Polymer Chemistry & Biomaterials Group - Centre of Macromolecular Chemistry (CMaC) - Department of Organic and Macromolecular Chemistry, Ghent University, Krijgslaan 281, S4-Bis, 9000 Ghent, Belgium; Brussels Photonics (B-PHOT) - Department of Applied Physics and Photonics, Vrije Universiteit Brussel and Flanders Make, Pleinlaan 2, 1050 Brussels, Belgium.
Research Group 3D Printing and Biofabrication, Institute of Materials Science and Technology, TU Wien, Getreidemarkt 9, 1060 Vienna, Austria.
Acta Biomater. 2019 Oct 1;97:46-73. doi: 10.1016/j.actbio.2019.07.035. Epub 2019 Jul 22.
Over the recent decades gelatin has proven to be very suitable as an extracellular matrix mimic for biofabrication and tissue engineering applications. However, gelatin is prone to dissolution at typical cell culture conditions and is therefore often chemically modified to introduce (photo-)crosslinkable functionalities. These modifications allow to tune the material properties of gelatin, making it suitable for a wide range of biofabrication techniques both as a bioink and as a biomaterial ink (component). The present review provides a non-exhaustive overview of the different reported gelatin modification strategies to yield crosslinkable materials that can be used to form hydrogels suitable for biofabrication applications. The different crosslinking chemistries are discussed and classified according to their mechanism including chain-growth and step-growth polymerization. The step-growth polymerization mechanisms are further classified based on the specific chemistry including different (photo-)click chemistries and reversible systems. The benefits and drawbacks of each chemistry are also briefly discussed. Furthermore, focus is placed on different biofabrication strategies using either inkjet, deposition or light-based additive manufacturing techniques, and the applications of the obtained 3D constructs. STATEMENT OF SIGNIFICANCE: Gelatin and more specifically gelatin-methacryloyl has emerged to become one of the gold standard materials as an extracellular matrix mimic in the field of biofabrication. However, also other modification strategies have been elaborated to take advantage of a plethora of crosslinking chemistries. Therefore, a review paper focusing on the different modification strategies and processing of gelatin is presented. Particular attention is paid to the underlying chemistry along with the benefits and drawbacks of each type of crosslinking chemistry. The different strategies were classified based on their basic crosslinking mechanism including chain- or step-growth polymerization. Within the step-growth classification, a further distinction is made between click chemistries as well as other strategies. The influence of these modifications on the physical gelation and processing conditions including mechanical properties is presented. Additionally, substantial attention is put to the applied photoinitiators and the different biofabrication technologies including inkjet, deposition or light-based technologies.

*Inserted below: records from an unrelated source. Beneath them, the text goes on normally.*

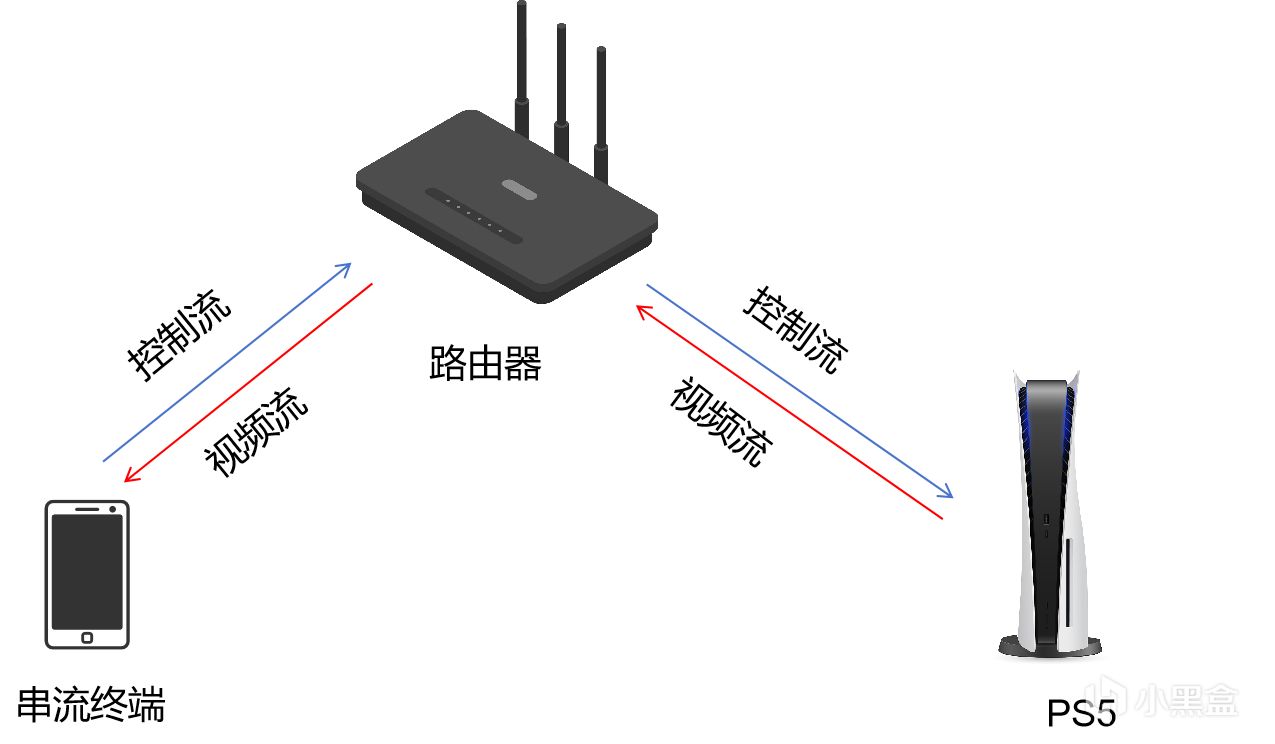 所谓串流,实际就是一种云计算,即串流终端只收集控制输入信息,然后通过网络传输给PS5,PS5进行计算和渲染后,生成音频画面,再通过网络传输给串流终端显示出来。串流终端就相当于是在播放视频,因此基本上没有什么性能要求,把我妈的老年手机拿过来,也能实现流畅地串流游戏。
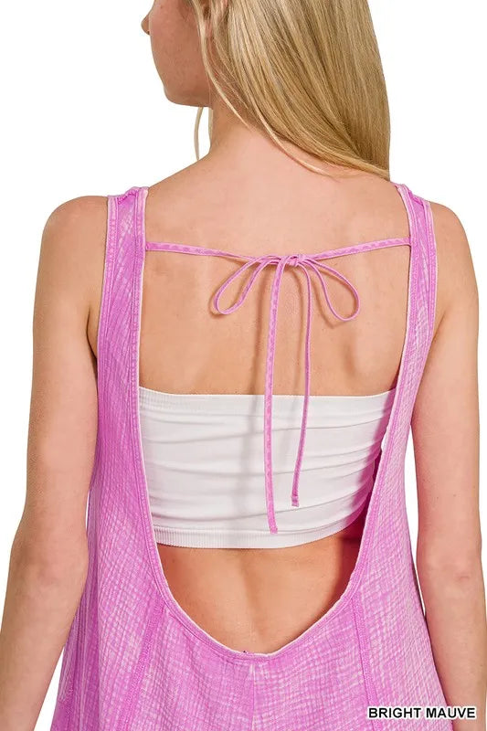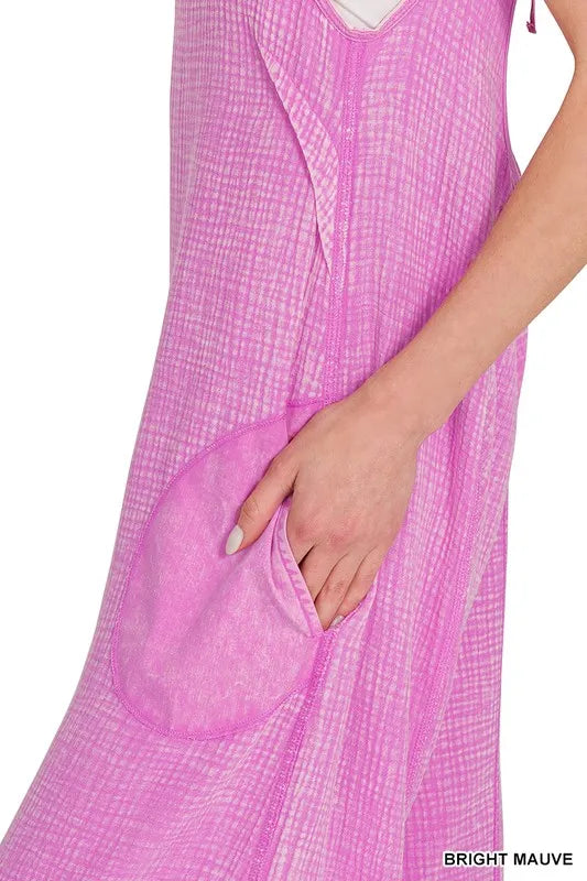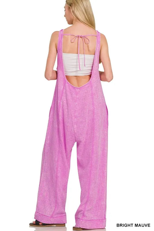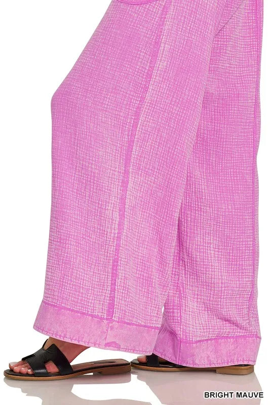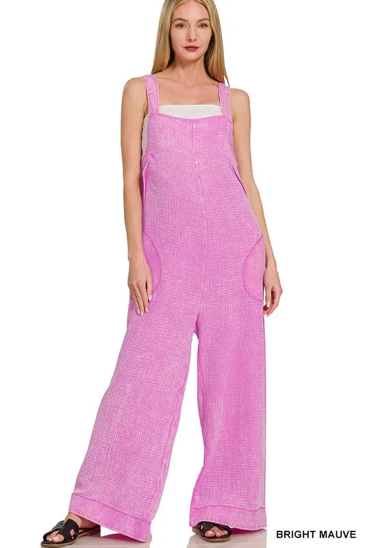 Double gauze washed wide leg overalls are a stylish and comfortable clothing option that combines a trendy silhouette with a soft and breathable fabric. The double gauze material has a lightweight and airy feel, making it perfect for warmer weather. The washed finish gives the overalls a relaxed and slightly worn-in look that adds to their charm. The wide leg design adds a fashionable touch, and the overalls can be styled in various ways for a casual and chic outfit. Pair them with a simple t-shirt or tank top underneath and accessorize with sneakers or sandals for a laid-back and effortless look. These overalls are versatile and can be worn for various occasions, from running errands to a casual day out with friends.
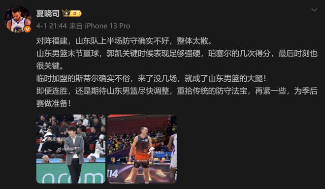 4月1日, 山东广播电视台体育频道体育新闻主编徐凯华在个人社媒账号上这么写道。
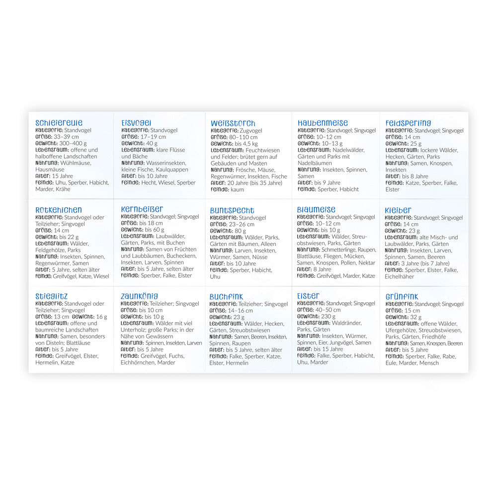 Wem gelingt es, die meisten Paare zu finden und auszulegen? Unsere heimischen Vögel sorgen mit diesem Memospiel für Spannung und Spaß! Mit kleiner Vogelkunde.
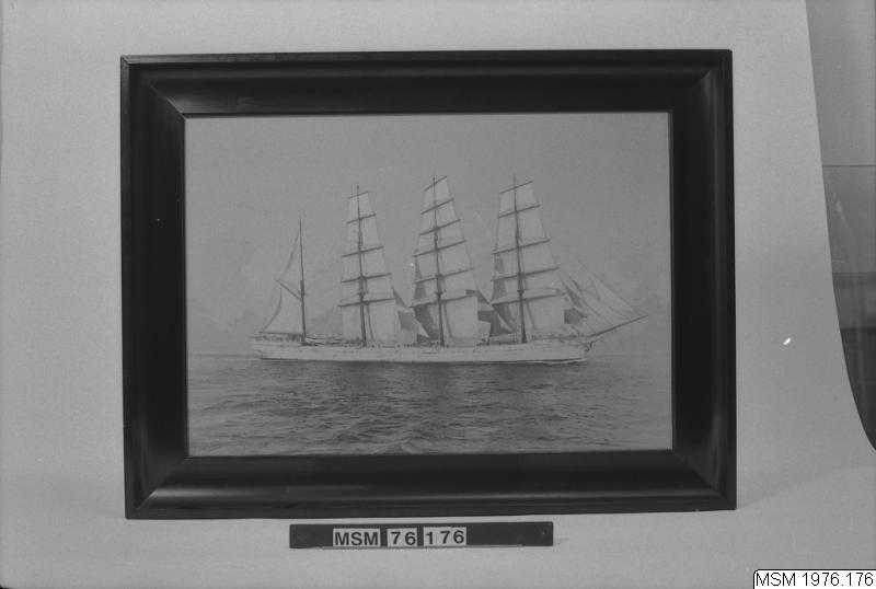 Handkolorerat svartvitt fotografi, dessutom förstärkt med linjer och skuggningar i blyerts. Motivet är en fyrmastad bark, avbildad i profil med fören åt höger. Fotot är mycket bleknat. Konturlinjer kring seglen samt rep, tåg, skot och andra små detaljer har förstärkts med blyertspenna, likväl som skuggningarna på seglen. Färgförstärkningarna är svaga, mestadels blått, större delen av fartyget har ...

在最近几十年中,明胶已被证明非常适合作为生物制造和组织工程应用的细胞外基质模拟物。然而,明胶在典型的细胞培养条件下容易溶解,因此经常进行化学修饰以引入(光)可交联官能团。这些修饰可以调整明胶的材料性能,使其适合广泛的生物制造技术,既可以作为生物墨水,也可以作为生物材料墨水(组分)。本综述提供了对不同报道的明胶修饰策略的非详尽概述,这些策略可产生可交联的材料,可用于形成适合生物制造应用的水凝胶。讨论并根据其机制(包括链增长和逐步聚合)对不同的交联化学进行了分类。逐步聚合机制进一步根据特定的化学分类,包括不同的(光)点击化学和可逆系统。还简要讨论了每种化学的优缺点。此外,重点放在使用喷墨、沉积或基于光的添加剂制造技术的不同生物制造策略上,以及获得的 3D 结构的应用。
明胶,特别是明胶-甲基丙烯酰,已成为生物制造领域细胞外基质模拟物的黄金标准材料之一。然而,还制定了其他修饰策略来利用多种交联化学。因此,提出了一篇专注于明胶的不同修饰策略和加工的综述文章。特别注意每种交联化学的基础化学以及每种类型交联化学的优缺点。根据其基本交联机制(包括链增长或逐步聚合)对不同策略进行了分类。在逐步聚合分类中,进一步区分了点击化学以及其他策略。介绍了这些修饰对物理凝胶化和加工条件(包括机械性能)的影响。此外,还特别关注应用的光引发剂和不同的生物制造技术,包括喷墨、沉积或基于光的技术。